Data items
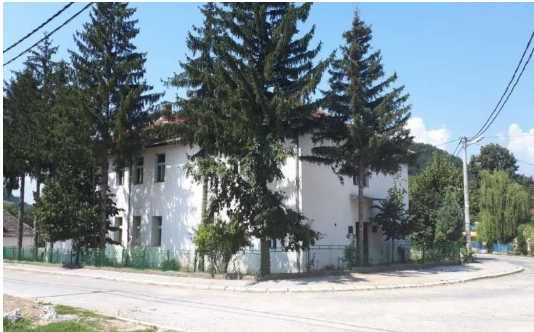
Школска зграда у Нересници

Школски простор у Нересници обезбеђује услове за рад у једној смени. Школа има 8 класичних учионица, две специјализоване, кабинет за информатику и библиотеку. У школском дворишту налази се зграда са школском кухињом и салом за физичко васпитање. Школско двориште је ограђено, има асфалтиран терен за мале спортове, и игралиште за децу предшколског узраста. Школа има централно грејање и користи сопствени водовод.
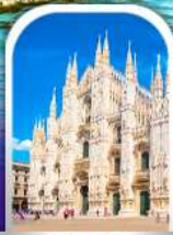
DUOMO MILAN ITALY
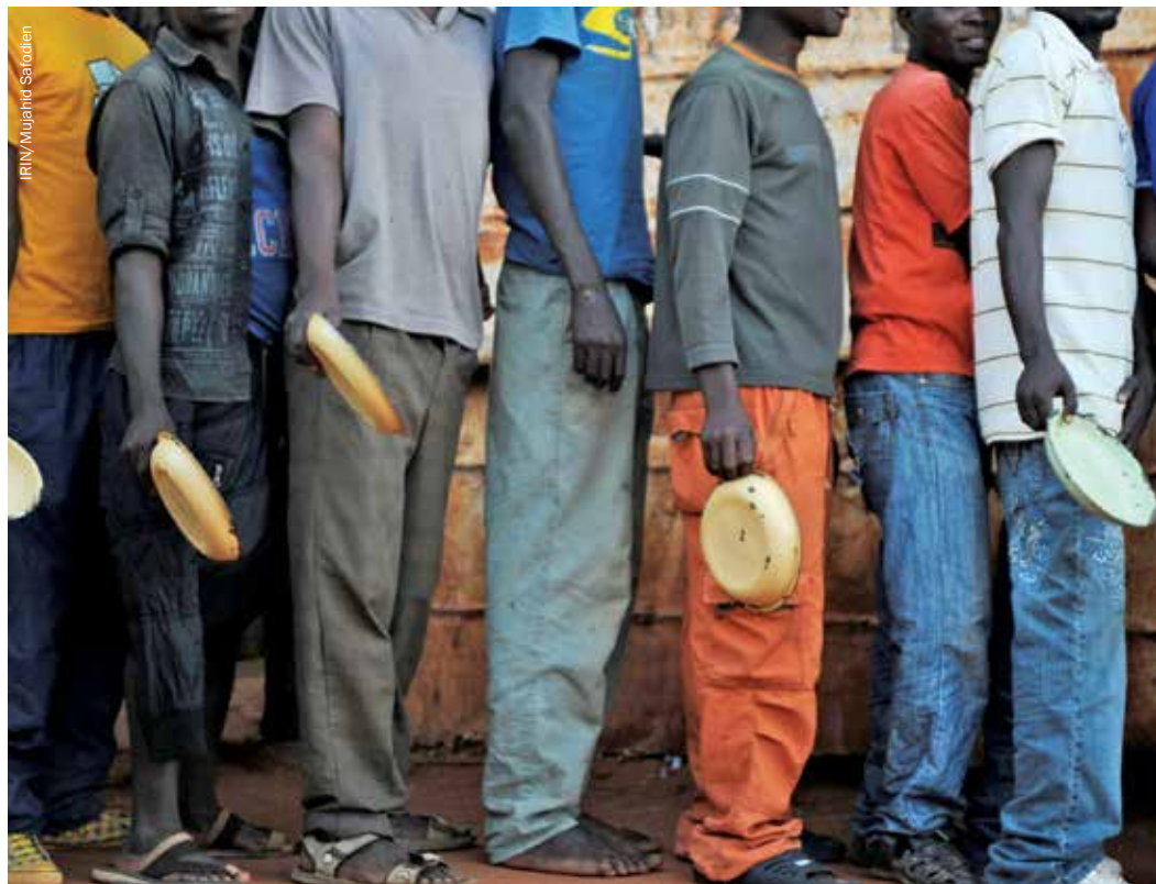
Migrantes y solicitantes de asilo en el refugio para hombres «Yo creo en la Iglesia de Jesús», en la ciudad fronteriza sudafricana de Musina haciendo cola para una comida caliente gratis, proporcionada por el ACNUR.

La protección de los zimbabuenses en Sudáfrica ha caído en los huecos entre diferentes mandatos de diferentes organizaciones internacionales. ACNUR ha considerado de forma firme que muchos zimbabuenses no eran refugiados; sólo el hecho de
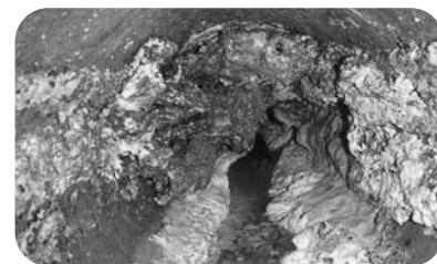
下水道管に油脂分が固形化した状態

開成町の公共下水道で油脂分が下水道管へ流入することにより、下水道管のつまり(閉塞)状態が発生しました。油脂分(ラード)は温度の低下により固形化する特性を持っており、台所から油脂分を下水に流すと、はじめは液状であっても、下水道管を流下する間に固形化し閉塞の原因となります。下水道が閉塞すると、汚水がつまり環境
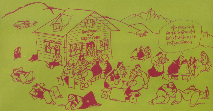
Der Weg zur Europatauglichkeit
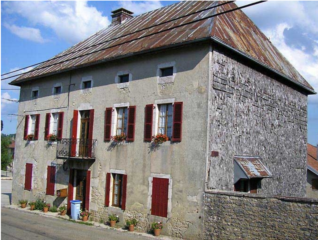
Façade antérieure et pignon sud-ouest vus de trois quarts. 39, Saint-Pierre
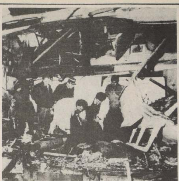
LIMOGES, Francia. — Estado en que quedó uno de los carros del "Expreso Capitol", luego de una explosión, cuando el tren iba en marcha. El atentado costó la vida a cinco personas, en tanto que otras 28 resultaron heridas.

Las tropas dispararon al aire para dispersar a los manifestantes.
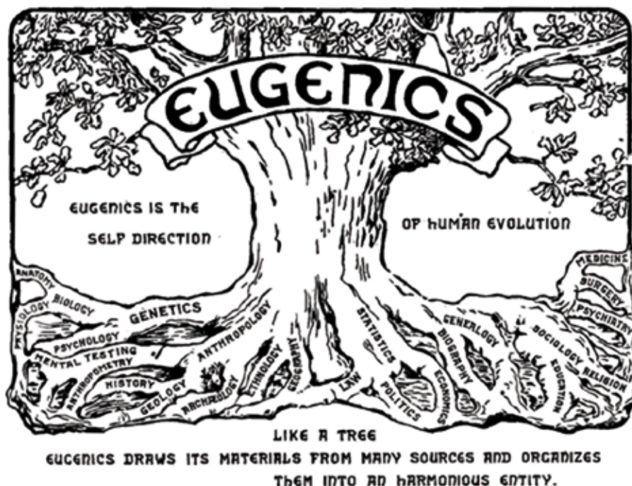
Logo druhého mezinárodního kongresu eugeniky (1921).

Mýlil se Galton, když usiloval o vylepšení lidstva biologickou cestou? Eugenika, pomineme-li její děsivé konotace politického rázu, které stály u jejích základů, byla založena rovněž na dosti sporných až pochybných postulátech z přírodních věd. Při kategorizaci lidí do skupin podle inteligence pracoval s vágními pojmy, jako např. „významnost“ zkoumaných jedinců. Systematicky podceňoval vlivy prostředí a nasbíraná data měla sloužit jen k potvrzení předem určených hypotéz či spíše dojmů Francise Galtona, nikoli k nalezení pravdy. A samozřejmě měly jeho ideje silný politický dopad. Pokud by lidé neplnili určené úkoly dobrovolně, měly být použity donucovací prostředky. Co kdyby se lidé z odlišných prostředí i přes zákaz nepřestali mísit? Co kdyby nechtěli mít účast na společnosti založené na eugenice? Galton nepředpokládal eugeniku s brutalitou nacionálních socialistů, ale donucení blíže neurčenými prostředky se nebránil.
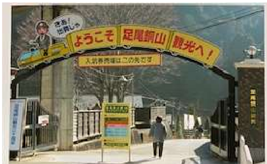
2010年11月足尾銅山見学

[WHAT YOU SHOULD DO]
Among the lines above, return each one holding the string "para".

[WRITTEN REPLY]
Migrantes y solicitantes de asilo en el refugio para hombres «Yo creo en la Iglesia de Jesús», en la ciudad fronteriza sudafricana de Musina haciendo cola para una comida caliente gratis, proporcionada por el ACNUR.
Las tropas dispararon al aire para dispersar a los manifestantes.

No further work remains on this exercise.